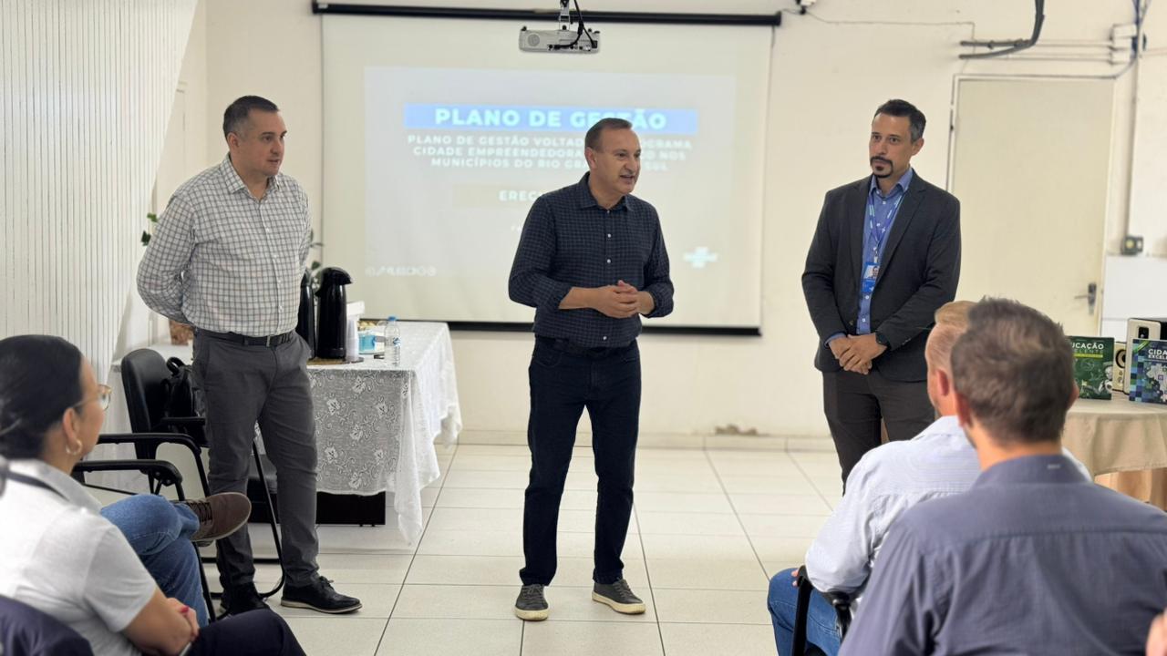A Prefeitura de Erechim recebeu, nesta quarta-feira (25), a apresentação do plano de gestão do programa Cidade Empreendedora, conduzida pelo Serviço Brasileiro de Apoio às Micro e Pequenas Empresas (Sebrae), parceiro estratégico do Município no fortalecimento da gestão pública e do ambiente de negócios.
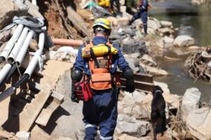Um bombeiro de Araranguá e seu cão, participaram da equipe catarinense que foi a Petropólis/RJ auxiliar o resgate de vítimas de uma tragédia. Uma forte enxurrada atingiu a cidade, deixando centenas de mortos e desaparecidos.
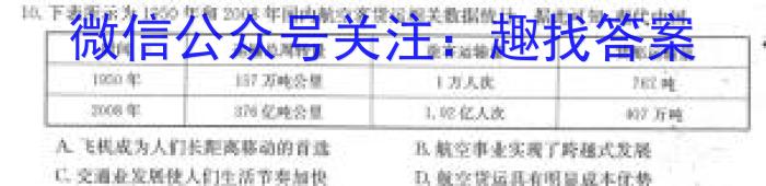 10.下表所示为年和2008年国内航空客您运相关数据计,据可知,表代中国A.飞机成为人们长离整动的首选B.航空事业实现了跨越式发展C.交酒业发展使人们生活节奏加快D.航空货运具有明成本优势
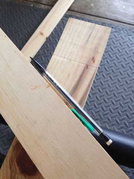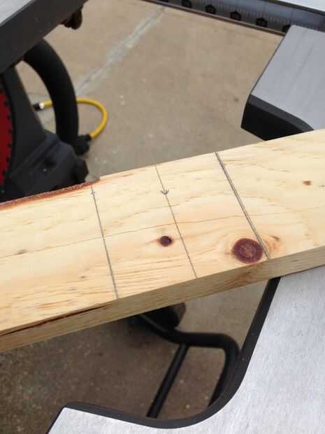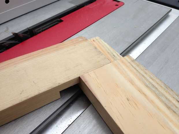 2. Para crear las juntas de vuelta puse la hoja de ranurar en mi sierra de mesa a exactamente la mitad del espesor de 1 x 3. Luego, utilizando un pedazo de chatarra 1 x 3, he marcado en cada uno de los tableros donde sacar la madera para las articulaciones.

:::

▸ Instructions to follow
Only the pictures are to be left out; write out all the other data exactly.

▸ Output of the exercise
A Prefeitura de Erechim recebeu, nesta quarta-feira (25), a apresentação do plano de gestão do programa Cidade Empreendedora, conduzida pelo Serviço Brasileiro de Apoio às Micro e Pequenas Empresas (Sebrae), parceiro estratégico do Município no fortalecimento da gestão pública e do ambiente de negócios.
Um bombeiro de Araranguá e seu cão, participaram da equipe catarinense que foi a Petropólis/RJ auxiliar o resgate de vítimas de uma tragédia. Uma forte enxurrada atingiu a cidade, deixando centenas de mortos e desaparecidos.
 10.下表所示为年和2008年国内航空客您运相关数据计,据可知,表代中国A.飞机成为人们长离整动的首选B.航空事业实现了跨越式发展C.交酒业发展使人们生活节奏加快D.航空货运具有明成本优势
 2. Para crear las juntas de vuelta puse la hoja de ranurar en mi sierra de mesa a exactamente la mitad del espesor de 1 x 3. Luego, utilizando un pedazo de chatarra 1 x 3, he marcado en cada uno de los tableros donde sacar la madera para las articulaciones.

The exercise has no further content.